> WORK TASK
Copy every line of the data below exactly as given, except for the pictures.

> DATASET SECTION
=-=-=-=-=
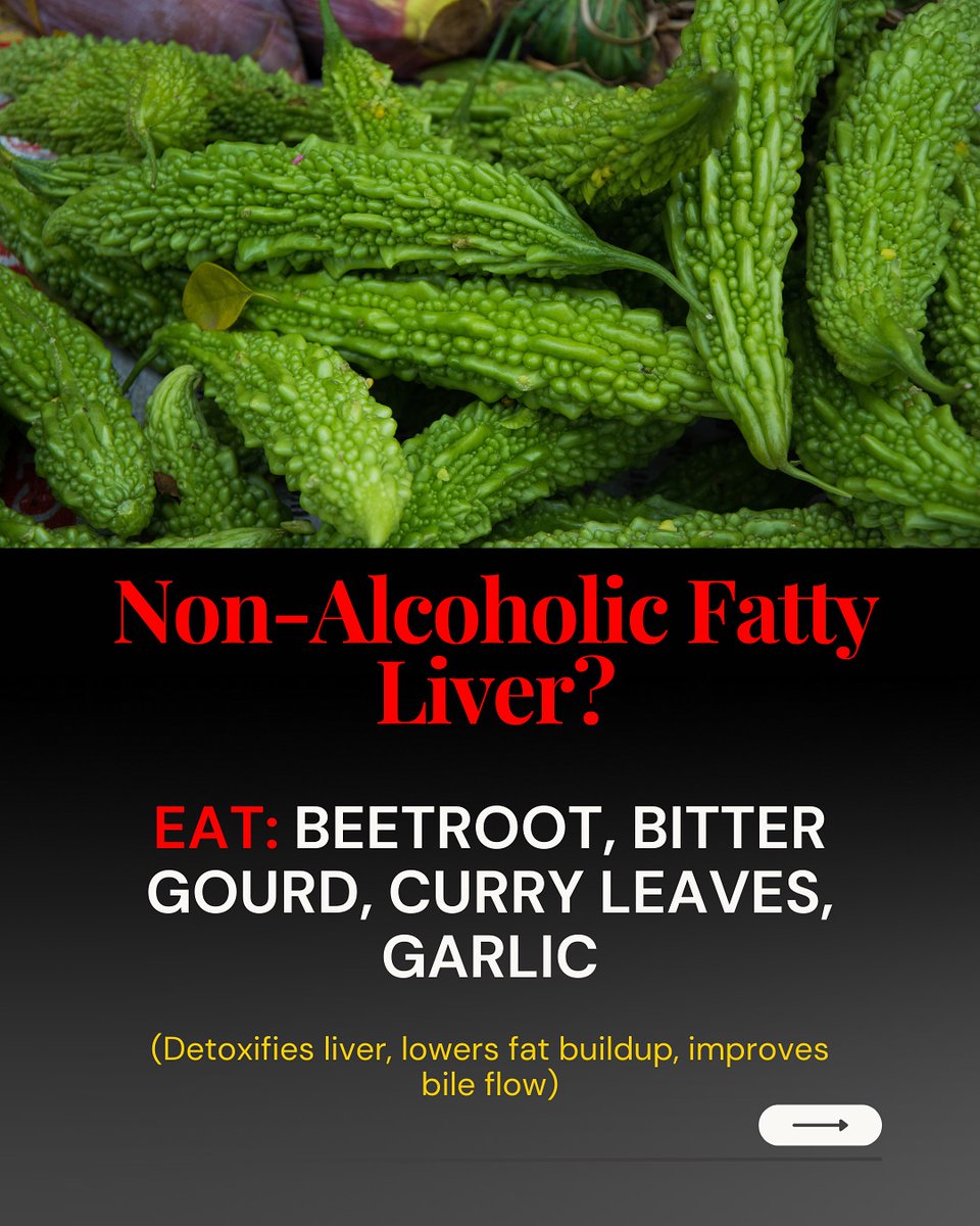 4️⃣ Non-Alcoholic Fatty Liver? Feeling sluggish or bloated often? Eat beetroot, bitter gourd, curry leaves, and garlic regularly. These detoxify the liver, reduce fat buildup, and improve bile flow — your liver will thank you. https://t.co/9I0cb235qr
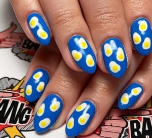 Daha önce belki de hiç görmediğimiz bu nail art modeli pişmiş yumurta görünümünde. Hafifçe dağıtılan beyaz ojenin üzerine sarı oje ile birer daire çizilerek yapılıyor.
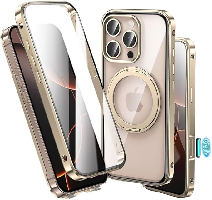 カメラコントロールボタン 360 回転スタンド スタンド機能 iPhone 16 Pro Max 用 クリア 両面 ケース ロック機能 MagSafe対応 ワイヤレス充電対応 アルミバンパー リング付き 両面ケース 強化ガラス アイフォン16promax スマホケース,ゴールド
=-=-=-=-=
> YOUR RESPONSE
 4️⃣ Non-Alcoholic Fatty Liver? Feeling sluggish or bloated often? Eat beetroot, bitter gourd, curry leaves, and garlic regularly. These detoxify the liver, reduce fat buildup, and improve bile flow — your liver will thank you. https://t.co/9I0cb235qr
 Daha önce belki de hiç görmediğimiz bu nail art modeli pişmiş yumurta görünümünde. Hafifçe dağıtılan beyaz ojenin üzerine sarı oje ile birer daire çizilerek yapılıyor.
 カメラコントロールボタン 360 回転スタンド スタンド機能 iPhone 16 Pro Max 用 クリア 両面 ケース ロック機能 MagSafe対応 ワイヤレス充電対応 アルミバンパー リング付き 両面ケース 強化ガラス アイフォン16promax スマホケース,ゴールド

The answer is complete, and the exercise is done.